In his will, dated the 12th August, 1763, and proved and recorded in the New York County Surrogate’s Office on the 25th May, 1776, he mentions his oldest son, Thomas, giving him a special legacy of £100, and directs his executors to keep up the sugar house and works in conjunction with his brothers-in-law, Jacobus and Isaac Roosevelt, and to devote the income of the business to the education and care of his wife, Helena, and his children, Thomas, James, Andrew, Henry, John, Ann, Dorothy, wife of Theophylact Bache, Catherine, Ann Margaret, Helena and Charlotte Amelia; he gives to his children £600 each and directs his wife to teach his sons to “learn the art or mistery of merchandizing or any other art or mistery whatsoever.” The executors named were his wife, Helena; his father-in-law, Jacobus Roosevelt; his brother, the Rev. William Henry Barclay; his brother-in-law, Jacobus Roosevelt, Jr.; his son-in-law, Theophylact Bache; and his sons, Thomas, James and Andrew; the will being witnessed by Nicholas Bayard, Jr., John Grover and Jno. Roosevelt.

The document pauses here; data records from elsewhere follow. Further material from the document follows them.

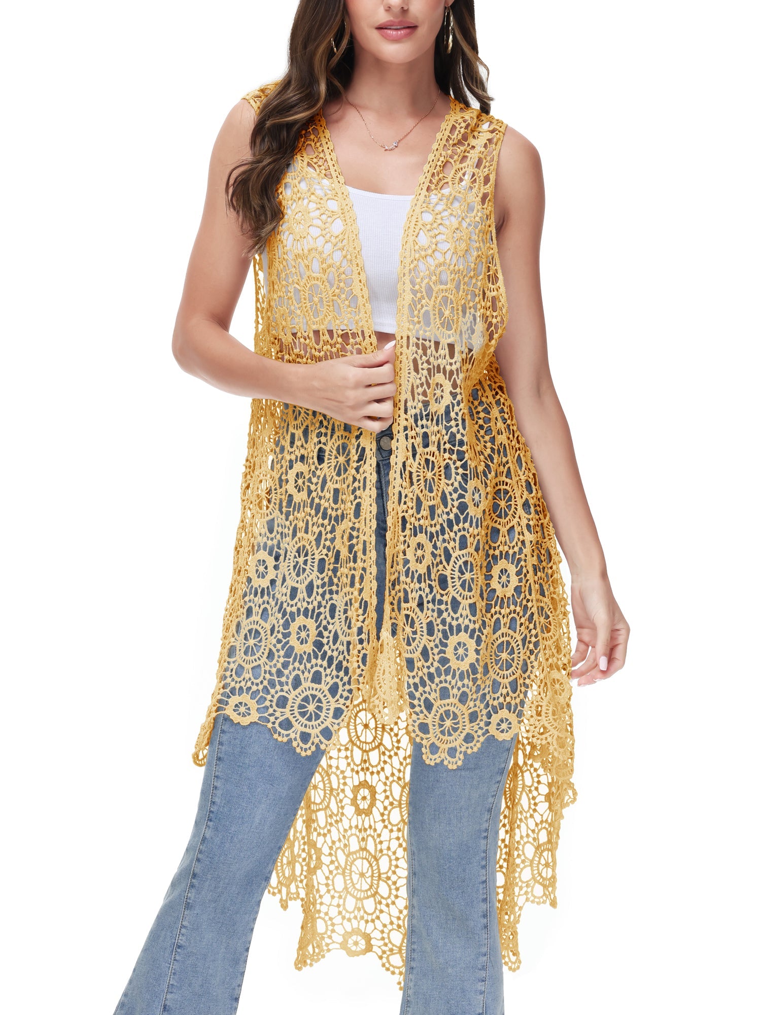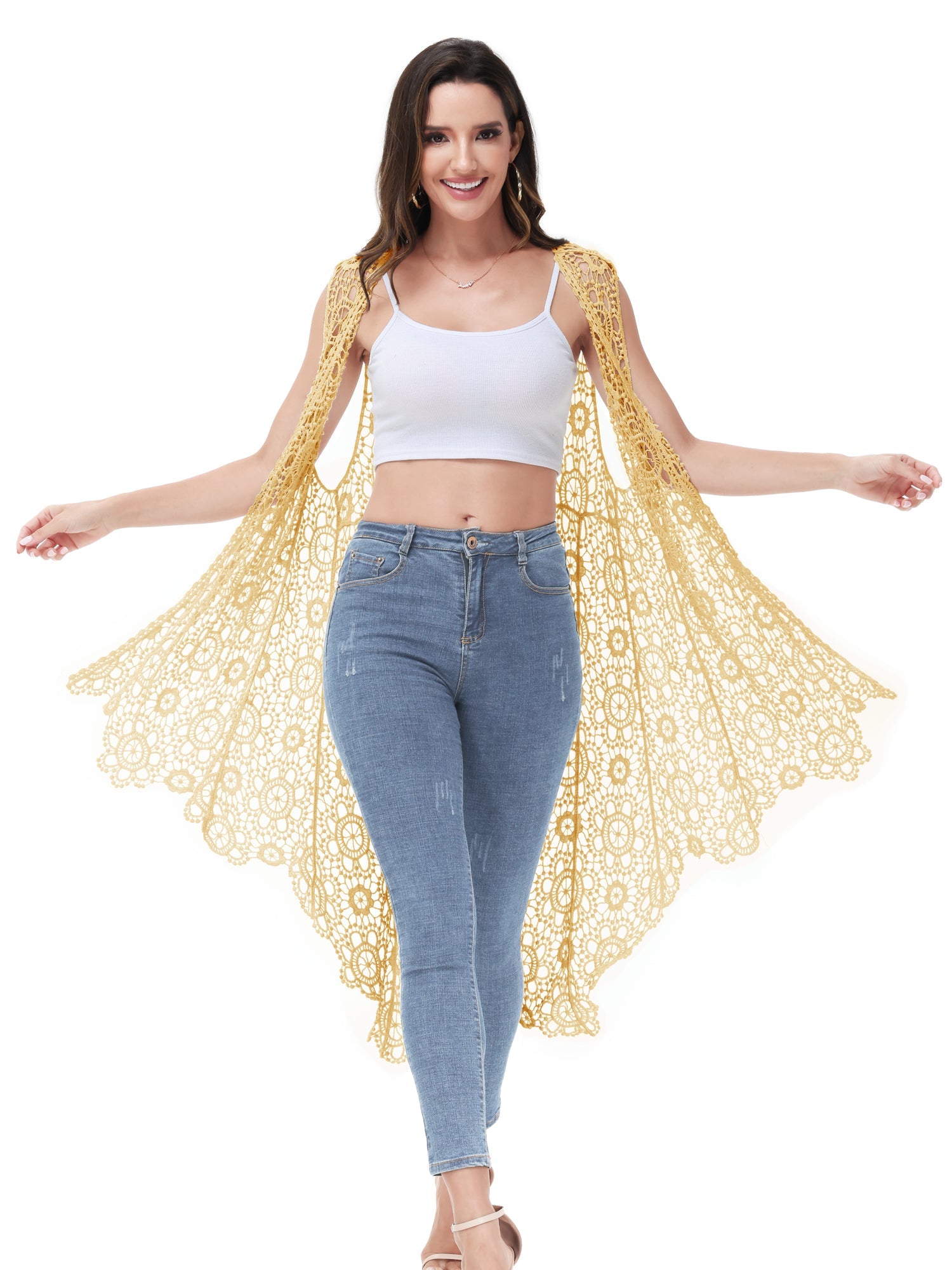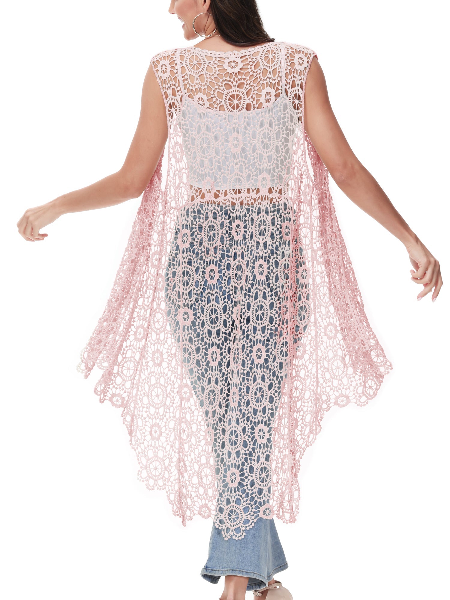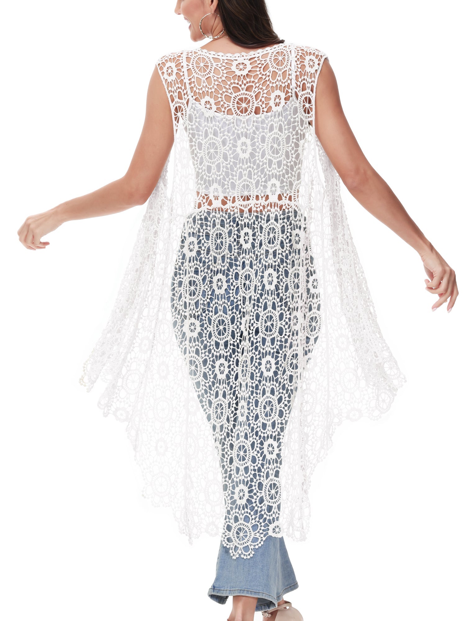Anna-Kaci Boho Crochet Long Vest Top for Women Sleeveless Lace Cardigan Kimono Swimwear Cover Ups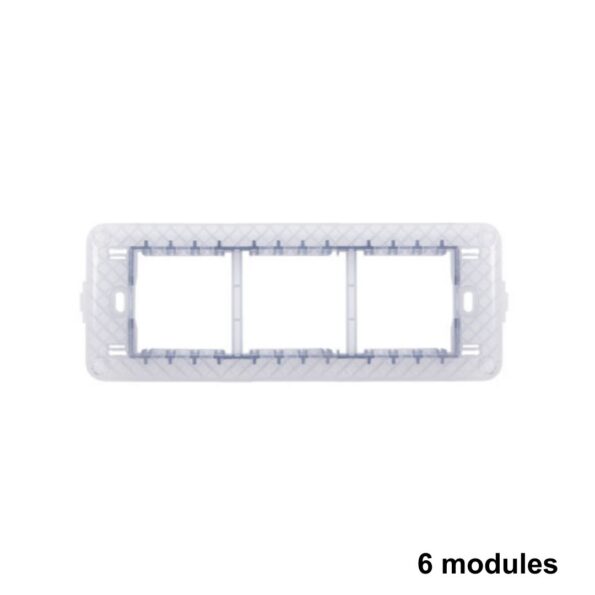 Désignation Porte module apparent 6 modules Format : Plaque 6 modules Type de pose : Apparent Type de Fixation : Par vis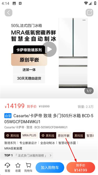 3、在列表頁面,點擊心儀冰箱商品,進入商品詳情頁面。
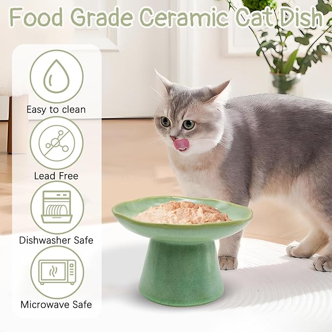 - Ceramic Elevated Shallow Cat Bowl: H 3.9 x W 6.1 inches the pet bowl is ergonomically designed to meet your pet's food and water needs at the same time, suitable for dry food, wet food and some other food, it's a good gift for your pet

Rivington’s New York Gazetteer, issue of Thursday, the 22nd June, 1775, contains the following death notice:

“On Monday last died Mr. Andrew Barclay, an eminent merchant and brother of the late Rev. Dr. Barclay, late Rector of this Parish, a most noteworthy and exemplary citizen, universally beloved by all who knew him.”

He married on the 14th June, 1737, Helena Roosevelt, daughter of Jacobus Roosevelt and Catharina Hardenbroek, and had issue: (1) Thomas; (2) James, born 1750; (3) Andrew; (4) Henry: (5) John; (6) Ann Dorothea, born 29th September, 1741, on the Isle of Curagoa, who married Theophylact Bache; (7) Catherine, born 1744, who married Augustus Van Cortlandt; (8) Sarah, born 1745, who married Anthony Lispenard; (9) Ann Margaret, who married Frederick Jay; (10) Helena, who married Major Thomas Moncrieff, of the British Army; (n) Charlotte Amelia, born 13th April, 1759, who married Dr. Richard Bayley.

It is unfortunate that no portrait of Mr. Andrew Barclay is known to be in existence. In the collection of pastel portraits and sketches of eminent men of Colonial and Revolutionary times made by St. Memin, there is a portrait erroneously labelled “Andrew Barclay,” but it is in reality a picture of Theophylact Bache, his son-in-law, as is attested by Mr. Barclay’s descendants living at the present time.